While President Pendarovski’s annual address before the Parliament was overshadowed by the protest staged by the opposition VMRO-DPMNE party, one of the points he made is likely to be tested in the coming days. Pendarovski appealed to the ethnic Albanian members of Parliament, and the other non-Macedonian representatives, to support the push to protect Macedonian national identity.

Allow me to add to the same question or to express my position regarding the behavior of the political representatives of our fellow Albanians and their attitude towards the issues that affect the Macedonian identity. Unfortunately, one part of the ethnic Macedonians have had doubts for many years: do Albanian politicians support our struggle for wider international affirmation? I claim responsibly, because I have witnessed these processes for more than 20 years, since we negotiated with Greece in the 1990s, that the Albanian political factor, both when it was in power and in opposition, all these years had extremely correct behavior and understanding of our efforts to preserve and promote the Macedonian identity. Such an attitude helped us be stronger in all meetings with foreign emissaries because we knew that we had a harmonized state position. In fact, it cannot be otherwise because (North) Macedonia is a common house for all of us, in which there is no division of tenants and landlords, Pendarovski said.

The issue could come to the fore, as Pendarovski, and the wider Zaev regime, are under pressure from Bulgaria to accept a more legally binding form to implement the 2017 Zaev – Borisov treaty, through which Bulgaria claims most of Macedonian history and wants to blur the distinction between the two nations.
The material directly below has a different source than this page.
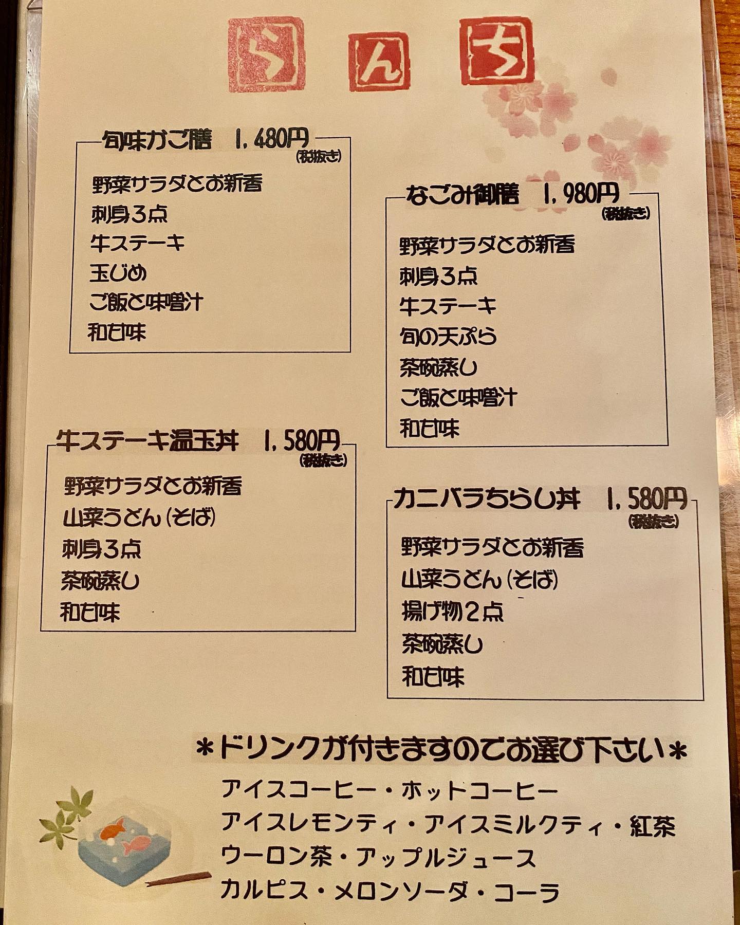こちらは祝日、休日ランチメニューになります。 休日のご飯は白飯のみですが、おかわりでき、ドリンク付です。
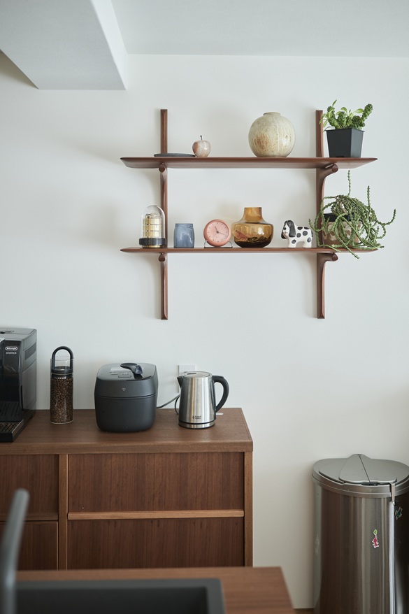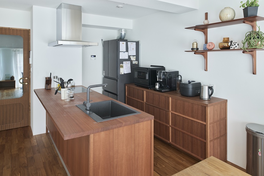 キッチンの側板は木材、天板はステンレス、といった組み合わせが多い中で、SYNC FURNITUREさん制作のキッチンは天板も木材。耐久性・防汚性を向上させながら、気の質感を保つガラス塗料を表面に塗装しています。「水濡れによるシミが心配だったけれど、大丈夫ですね」。使用後は水を拭き取られているそうです。キッチンの背面は別の会社さんでオーダーされた、ニヤトー材の収納棚。デザインはさることながら、素材の統一感も美しいですね。

In his remarks, Pendarovski insisted that the Macedonian identity will be protected during these talks, even though both he and Zaev supported prior demands from Greece, similar to those now made by Bulgaria, and engaged in wholesale redefining of the Macedonian history and identity. In this process, nearly all non-Macedonian members of Parliament supported the Zaev regime. All ethnic Albanian members of Parliament voted for the Prespa treaty, insisting that their community demands to to progress toward the European Union, regardless of the price that ethnic Macedonians need to pay for it.

But curiously, some ethnic Albanian politicians have recently voiced concerns about the Bulgarian positions toward Macedonia. Alliance of Albanians party leader Ziadin Sela even warned that the Bulgarian demands imply territorial claims on Macedonia that could destabilize the entire region.